Закачался. Залаял. Кровавый сгусток выплюнул, и грустно на пол сел.
Посадка!
Снова прибой. Поль-Луи далеко. Снег. Шпалы. Пусто. Вдруг окрик:
— Это с принудительных отбился. На очистку выгнали.
— Вы, гражданин… того…
Поль-Луи не понимает — отчего кричать? Поль-Луи не знает, зачем ему в руку суют большую неуклюжую лопату? Глядит — стопудовый снег, белый камень, смерть.
Объяснили — сгребать. Конечно, мог бы отказаться. Та дама понимает по-французски. Сказать: приехал, рыжий чемодан, газета, конференция и резюме на триста строк. Конечно, мог бы. Но как будто заразился. Забыл сафьяновую книжку. Знает — надо. Дают лопату и бери. Молчи. Храбро взрывает толщь белого чудовищного мяса. Тяжело. Рука гудит. Пальцы в лайке отделяются и пропадают, как будто их и не было совсем. Снег — враг. Вошь. Сыпь. Мальчишка. Польский пан. Всё тверже — не прорвать.
Рядом дама. Три платка — слоеная. Варежки и валенки. Ковыряет. Обвалы глаз, над ними птичий лет и плеск бровей. Поль-Луи летит в пустоты. Не голос — выдох, сон:
— Вы из Парижа?.. В декабре у Сены — синь, туман, легко…
Налегла на лопату. Поль-Луи опять в глаза — не выдержал:
— В Париж!.. Хотите?.. Я могу устроить…
— Вы думали, что это жалоба? Мне хорошо. Я научилась. Многому и тяжести. Вот снег. Лопата. Разжечь печурку. «Обезьянку» на плечи — паек. Фунт гороха, и дрожит внутри, поет «спасибо». Приходит Артамонов голодный, смерзший, одурел от десяти комиссий. Я — руку. Вот эту.
Стаскивает варежку. Видно — прежде маникюрша, ногти в три вершка, обтачивали, обливали лаком, пудрой обсыпали, терли замшей — теперь — шкура слоновья, раскрылась — уголь, пила, жир кастрюли — только что трава из щелей не растет, волдыри, отмороженный вспухший мизинец.
— Да, вот эту. Нет большей радости — тогда, вдвоем, наперекор… Не поняли? Простите…

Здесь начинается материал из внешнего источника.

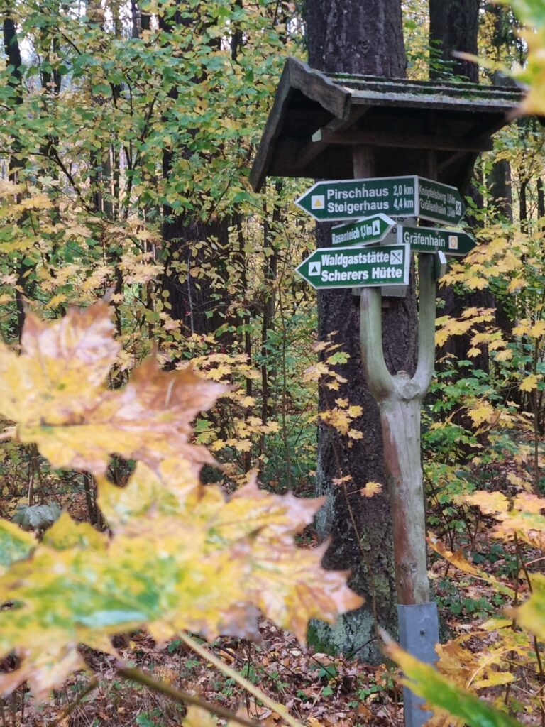 Um die Scherershütte zu erreichen, führt uns das Navi über die Suhler Straße an einen Verkehrskreisel und von dort über den Müllersweg auf die Scherershüttenstraße. Diese könnte man auch wunderbar durch den farbenprächtigen Wald erwandern oder erradeln. Vom Kreisel sind es fast 3 Kilometer, auf denen man ein Landschaftsschutzgbiet durchquert und einige Wanderwegweiser vorfindet. Fast pünktlich zur Eröffnung des Waldgaststätte kommen wir an und wollen erst einmal den Regenschauer bei einem köstlichen Eis- Dessert abwarten.
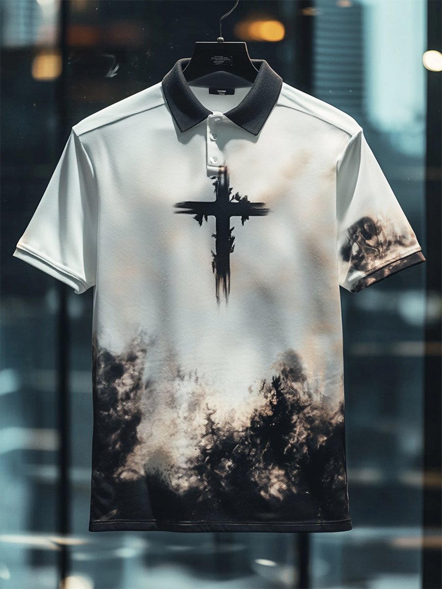 Men's Business Casual Cross Print Button Short Sleeve Polo Shirt
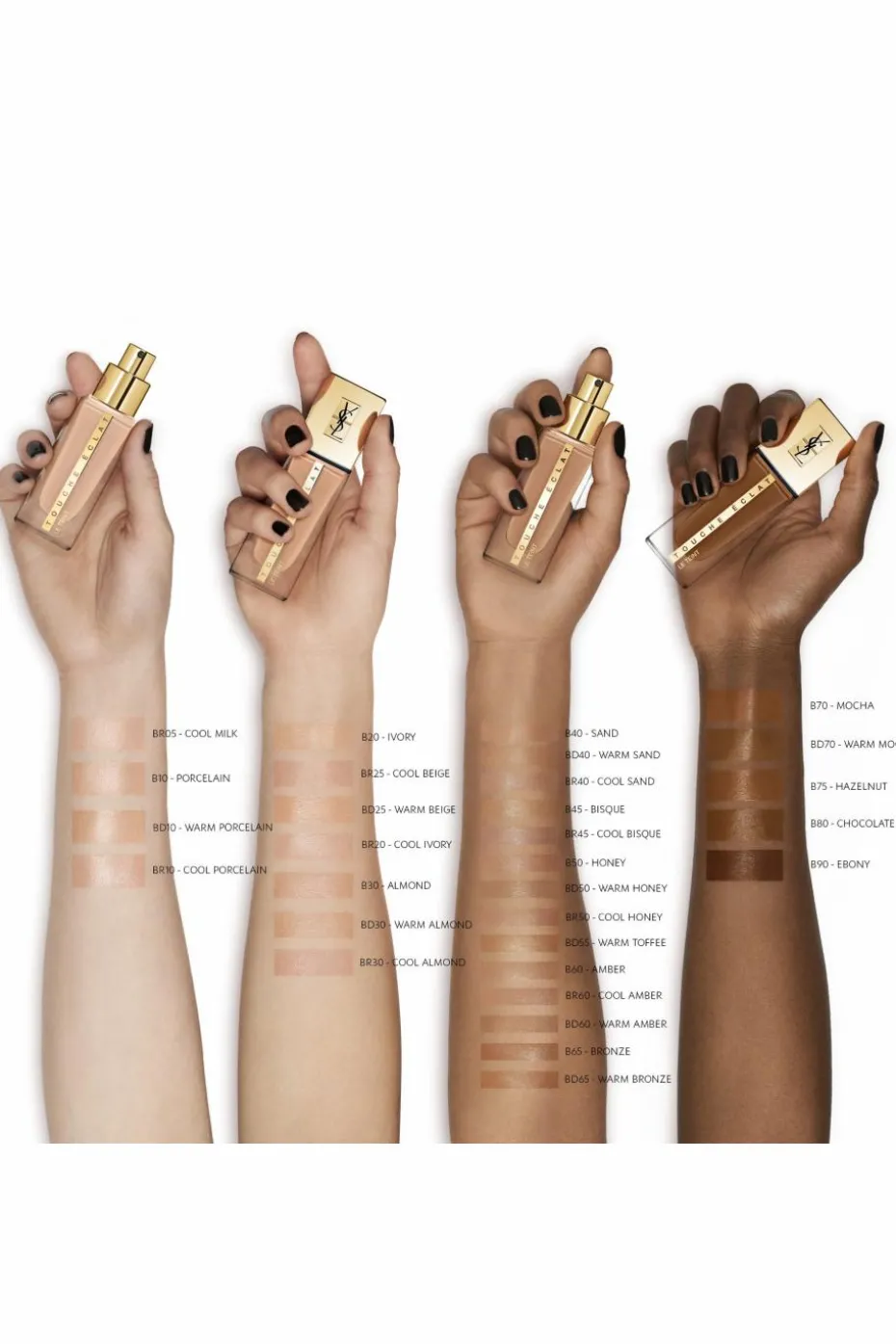 • Peaux claires à moyennes : Beige : B10, B20, B30 – Beige Dorée : BD10, BD25, BD30 – Beige Rosée : BR05, BR10, BR20, BR25, BR30
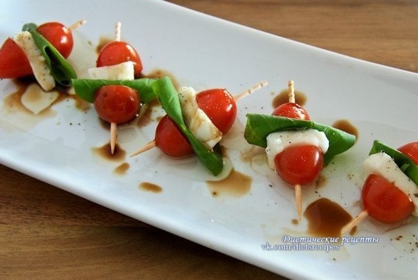 Нанизываем на шпажки или зубочистки поочередно помидоры, моцареллу и базилик. Выкладываем на красивое блюдо, сверху сбрызгиваем оливковым маслом и бальзамическим уксусом – готово!

Нет, Поль-Луи уж что-то понимает. И понимает ясно, что лучше бы совсем не понимать. Как будто в весе удвоился. Неслыханно отяжелел.
Костер — погреться. Ноги от тепла вернулись, затомились.
На миг — кафэ «Версаль». Жаровни. Терраса. Жермэн вздувает угли губ. «Поцелуй! еще»! Девушка с гвоздиками: «Два су! возьмите»!
Снег. Упасть в костер! Схватить гвоздику! В даму кинуть, чтобы было — угли и легко.
Усмехается красноармеец — квадрат скуластый. Скулы медленно ползут. Придут. Проглотят, как сухарь, и резолюции, и чёлку и его.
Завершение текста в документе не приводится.